▶ Available records:

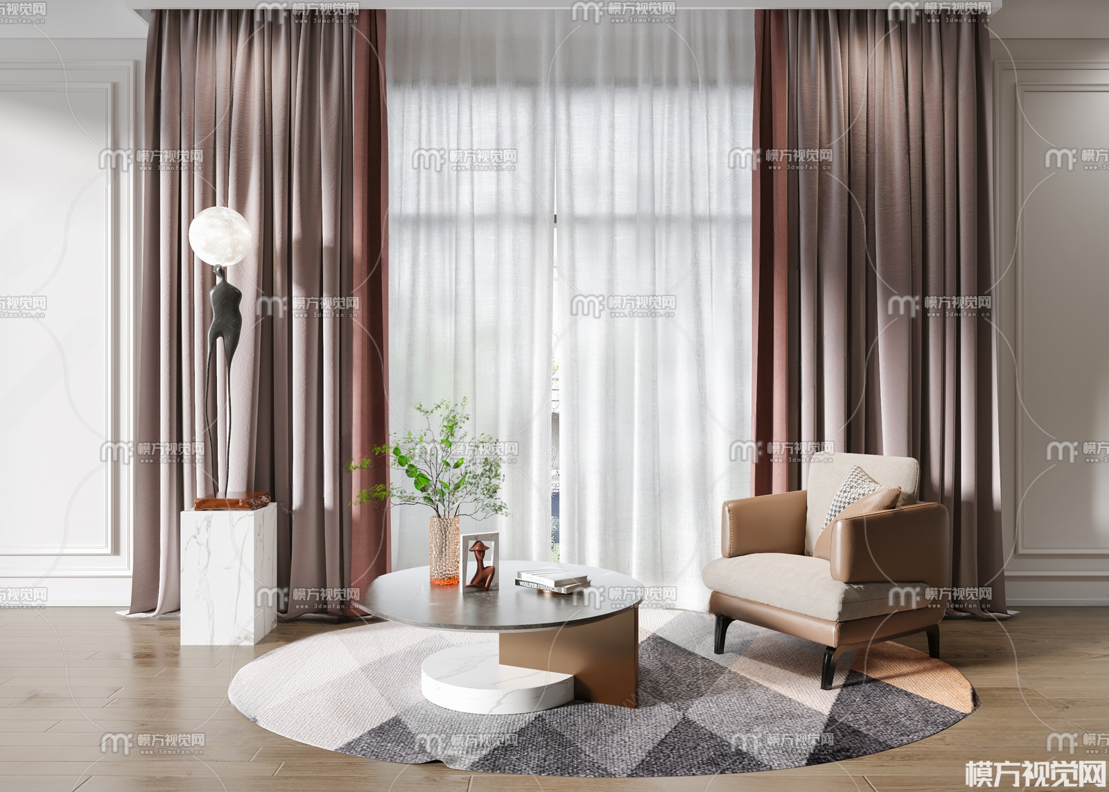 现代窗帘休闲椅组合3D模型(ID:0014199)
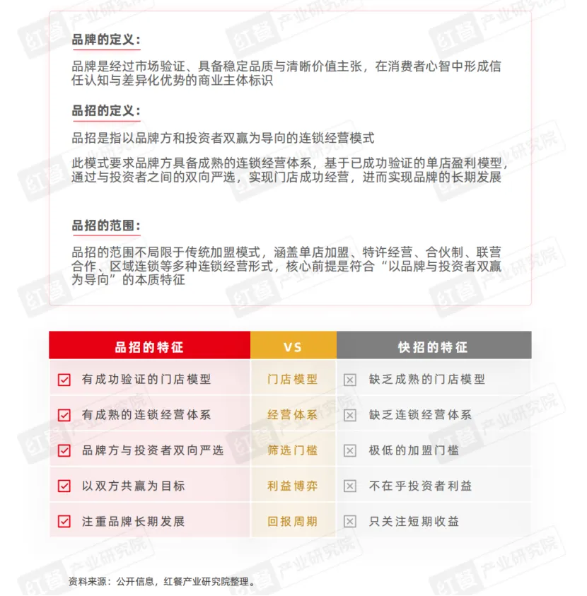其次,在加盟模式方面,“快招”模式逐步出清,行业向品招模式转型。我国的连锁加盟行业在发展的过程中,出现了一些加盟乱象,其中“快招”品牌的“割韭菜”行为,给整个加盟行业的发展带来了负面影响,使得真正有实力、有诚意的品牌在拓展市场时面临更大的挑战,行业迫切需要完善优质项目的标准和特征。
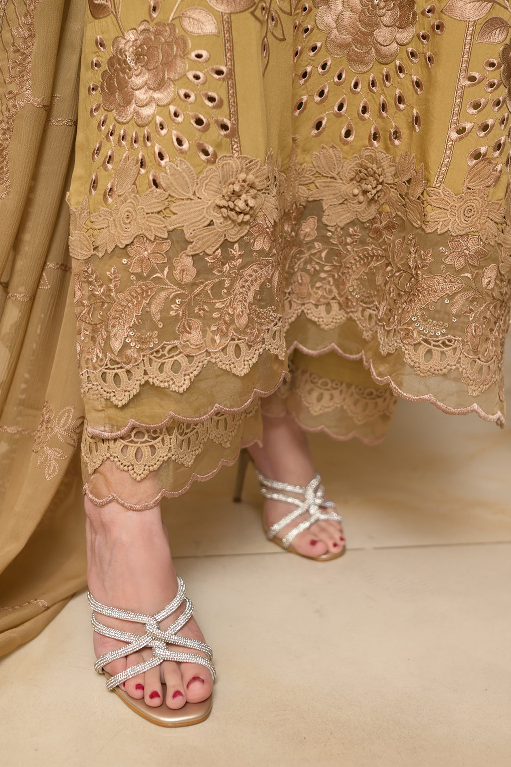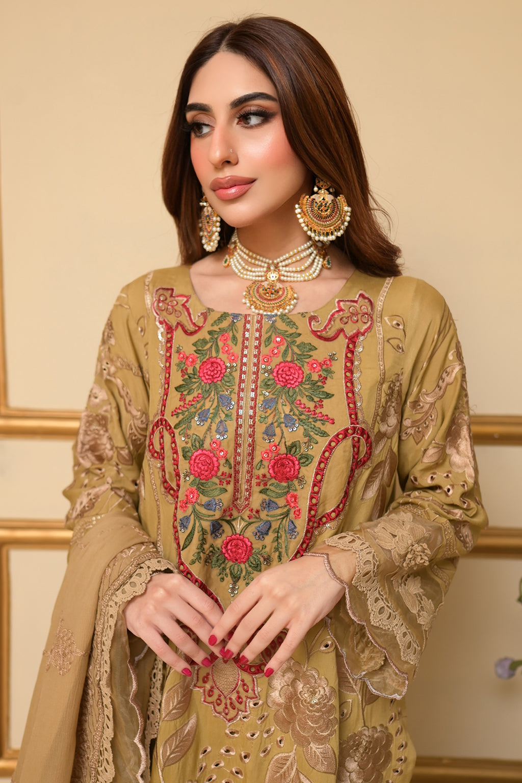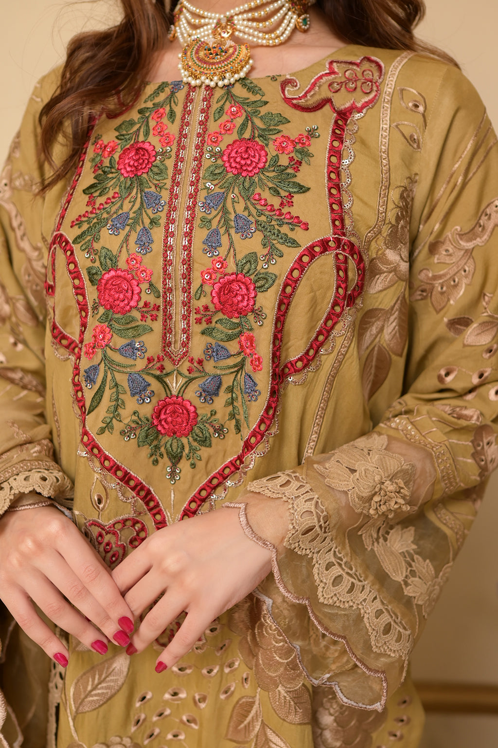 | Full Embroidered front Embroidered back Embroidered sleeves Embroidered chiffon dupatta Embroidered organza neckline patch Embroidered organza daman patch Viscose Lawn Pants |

---

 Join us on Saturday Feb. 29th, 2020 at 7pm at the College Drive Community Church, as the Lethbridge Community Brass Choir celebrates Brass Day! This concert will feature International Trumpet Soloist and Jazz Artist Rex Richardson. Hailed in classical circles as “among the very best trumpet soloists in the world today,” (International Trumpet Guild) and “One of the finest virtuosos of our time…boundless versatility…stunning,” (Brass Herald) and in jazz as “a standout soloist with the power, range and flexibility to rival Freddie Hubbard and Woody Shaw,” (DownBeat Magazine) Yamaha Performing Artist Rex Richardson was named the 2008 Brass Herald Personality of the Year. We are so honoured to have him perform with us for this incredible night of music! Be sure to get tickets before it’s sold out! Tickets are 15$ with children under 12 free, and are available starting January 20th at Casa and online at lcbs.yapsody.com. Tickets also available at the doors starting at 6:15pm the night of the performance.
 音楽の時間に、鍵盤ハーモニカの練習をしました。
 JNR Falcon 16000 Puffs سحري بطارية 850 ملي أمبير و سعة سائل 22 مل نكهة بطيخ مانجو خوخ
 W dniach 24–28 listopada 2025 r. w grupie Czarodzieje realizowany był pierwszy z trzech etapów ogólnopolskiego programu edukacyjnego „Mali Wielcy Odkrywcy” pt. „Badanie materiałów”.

▶ Exercise objective:
Going back to the entries above, set down exactly the lines that begin at the one with "音楽の時間に、鍵盤ハーモニカの練習をしました。" and end at the one with "W dniach 24–28", both included, and nothing else.

▶ Response area:
 音楽の時間に、鍵盤ハーモニカの練習をしました。
 JNR Falcon 16000 Puffs سحري بطارية 850 ملي أمبير و سعة سائل 22 مل نكهة بطيخ مانجو خوخ
 W dniach 24–28 listopada 2025 r. w grupie Czarodzieje realizowany był pierwszy z trzech etapów ogólnopolskiego programu edukacyjnego „Mali Wielcy Odkrywcy” pt. „Badanie materiałów”.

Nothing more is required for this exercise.